Start at the line with "Fotoğraf 15. Şeyhülislam" in the records below, stop at the line with "Fotoğraf 15. İsmail", and return every line in that span exactly, the two end lines included.

:: Data for analysis ::
#####

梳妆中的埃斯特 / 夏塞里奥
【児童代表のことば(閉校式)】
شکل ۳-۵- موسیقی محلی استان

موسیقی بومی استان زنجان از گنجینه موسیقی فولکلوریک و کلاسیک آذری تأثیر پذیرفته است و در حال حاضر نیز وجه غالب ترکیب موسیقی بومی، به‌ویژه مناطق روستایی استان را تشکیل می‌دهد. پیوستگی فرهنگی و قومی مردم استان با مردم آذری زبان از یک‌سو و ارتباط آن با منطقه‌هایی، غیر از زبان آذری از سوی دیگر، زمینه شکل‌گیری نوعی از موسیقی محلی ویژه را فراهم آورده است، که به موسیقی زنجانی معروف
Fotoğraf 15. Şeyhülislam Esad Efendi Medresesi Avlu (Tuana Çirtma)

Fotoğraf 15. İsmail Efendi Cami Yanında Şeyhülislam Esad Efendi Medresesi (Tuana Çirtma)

#####

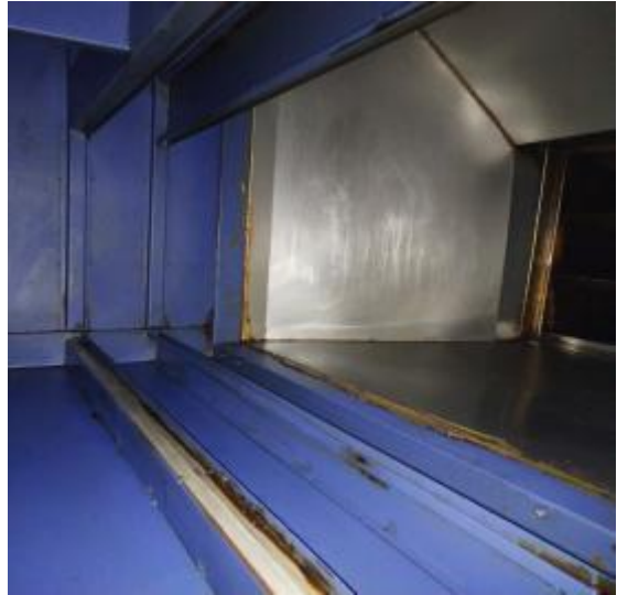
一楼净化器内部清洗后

#####

:: Response ::
Fotoğraf 15. Şeyhülislam Esad Efendi Medresesi Avlu (Tuana Çirtma)

Fotoğraf 15. İsmail Efendi Cami Yanında Şeyhülislam Esad Efendi Medresesi (Tuana Çirtma)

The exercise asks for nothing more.